▶ **Your task**
Nothing but the lines from the start of the entries below through the line containing "Một xe ngựa" should appear in the answer, copied exactly and free of pictures.
(Dataset extract begins)
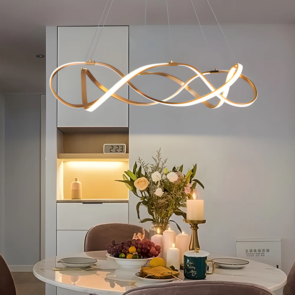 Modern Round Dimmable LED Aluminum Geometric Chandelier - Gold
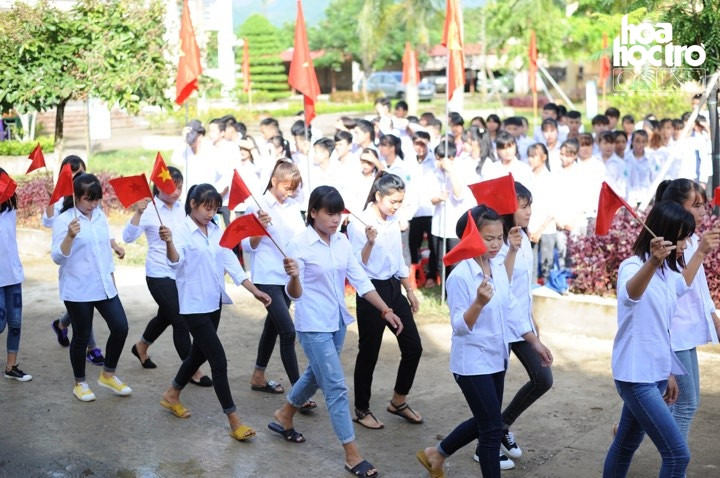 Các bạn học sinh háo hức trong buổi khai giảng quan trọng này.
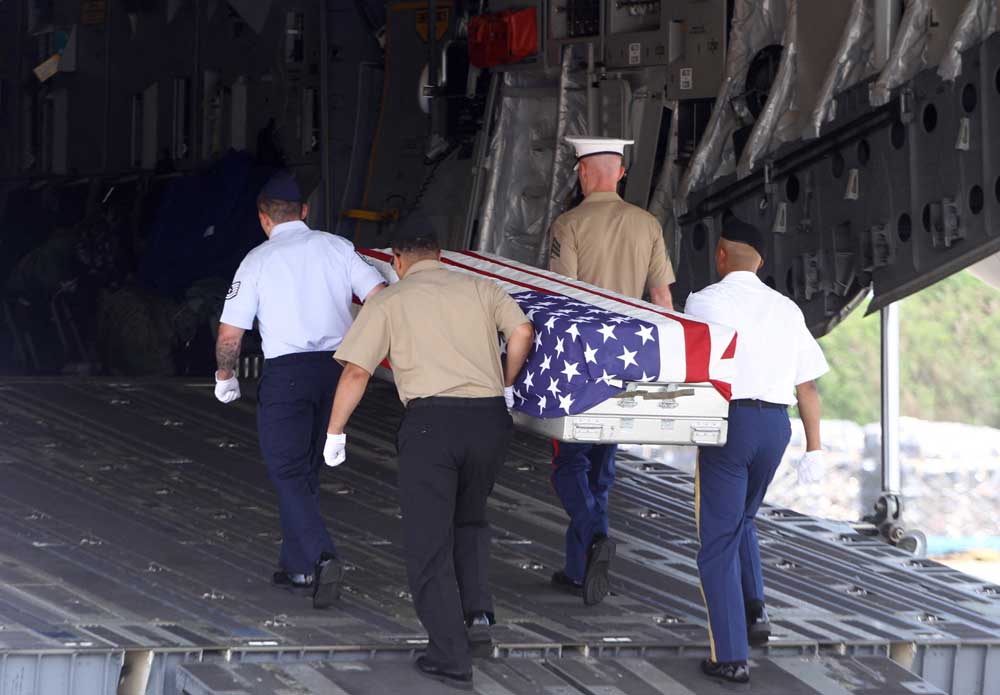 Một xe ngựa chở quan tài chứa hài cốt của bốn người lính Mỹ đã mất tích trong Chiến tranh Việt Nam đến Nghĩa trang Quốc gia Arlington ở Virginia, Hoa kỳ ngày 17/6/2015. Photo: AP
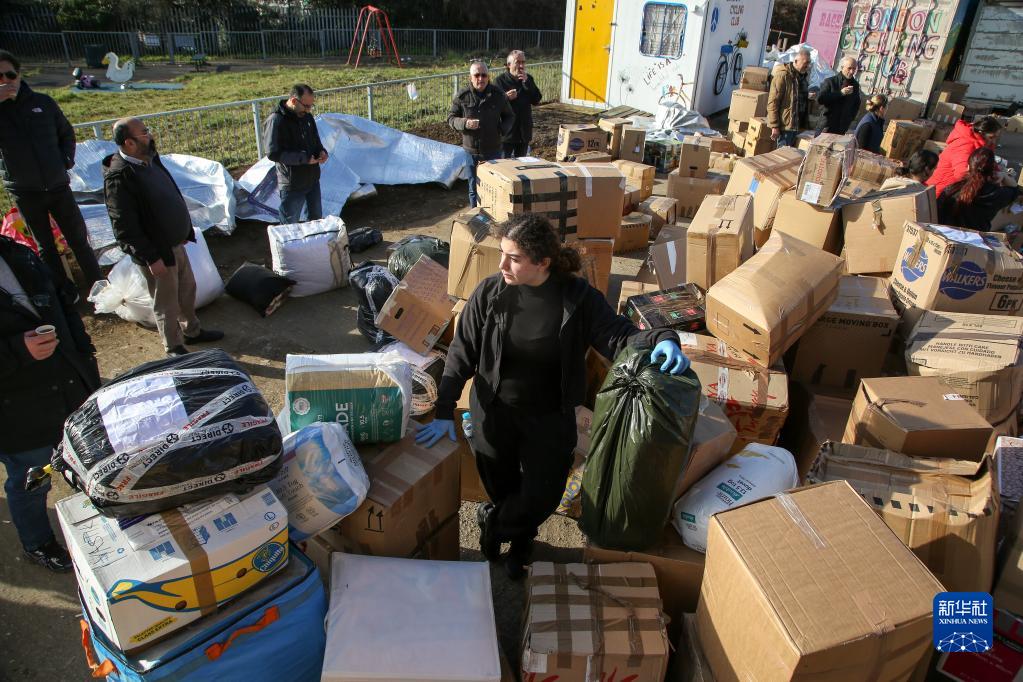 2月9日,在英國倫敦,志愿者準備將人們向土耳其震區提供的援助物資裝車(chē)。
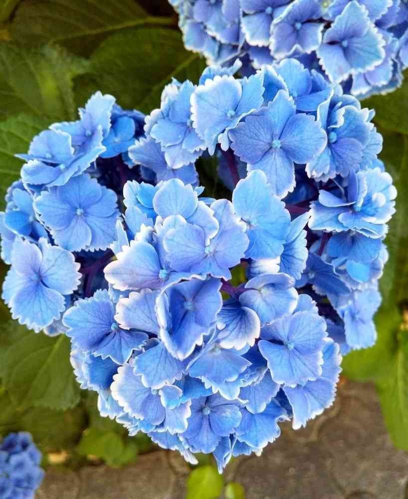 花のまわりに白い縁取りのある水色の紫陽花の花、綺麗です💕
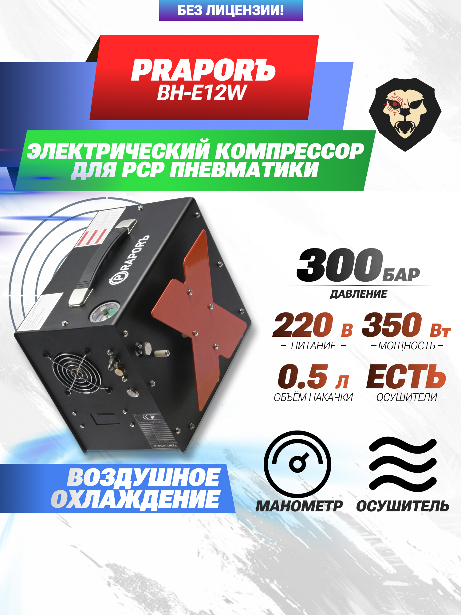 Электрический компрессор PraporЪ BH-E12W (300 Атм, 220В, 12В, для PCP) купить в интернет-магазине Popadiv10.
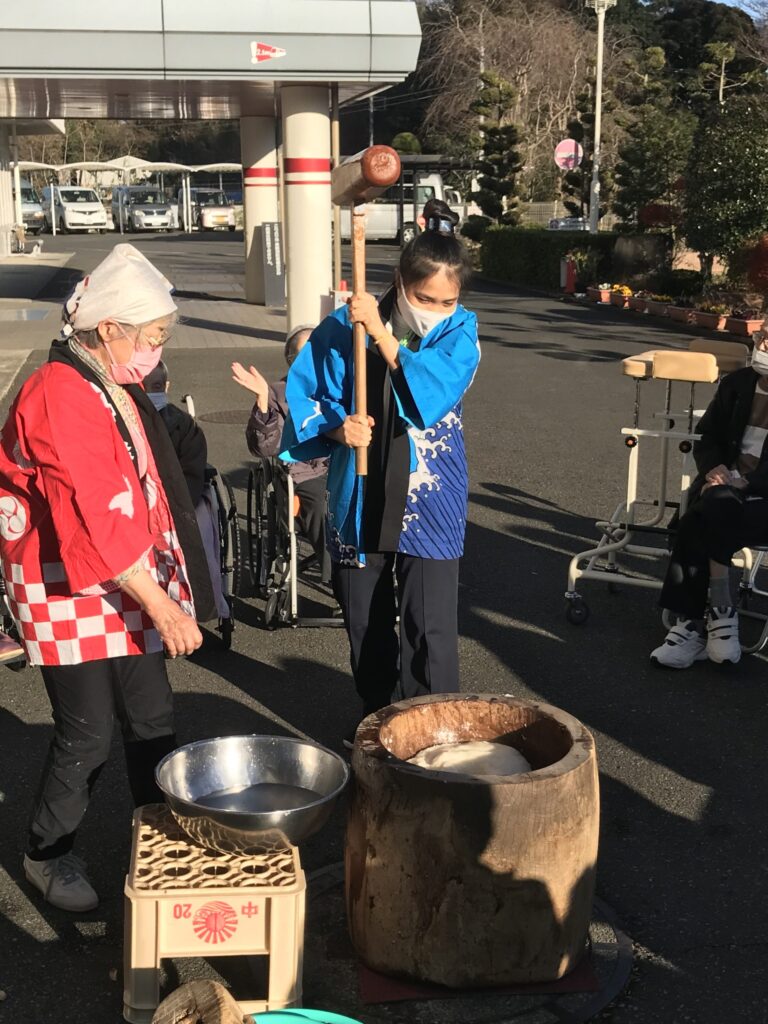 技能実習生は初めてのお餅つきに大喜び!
(Dataset extract ends)
▶ **Written reply**
 Modern Round Dimmable LED Aluminum Geometric Chandelier - Gold
 Các bạn học sinh háo hức trong buổi khai giảng quan trọng này.
 Một xe ngựa chở quan tài chứa hài cốt của bốn người lính Mỹ đã mất tích trong Chiến tranh Việt Nam đến Nghĩa trang Quốc gia Arlington ở Virginia, Hoa kỳ ngày 17/6/2015. Photo: AP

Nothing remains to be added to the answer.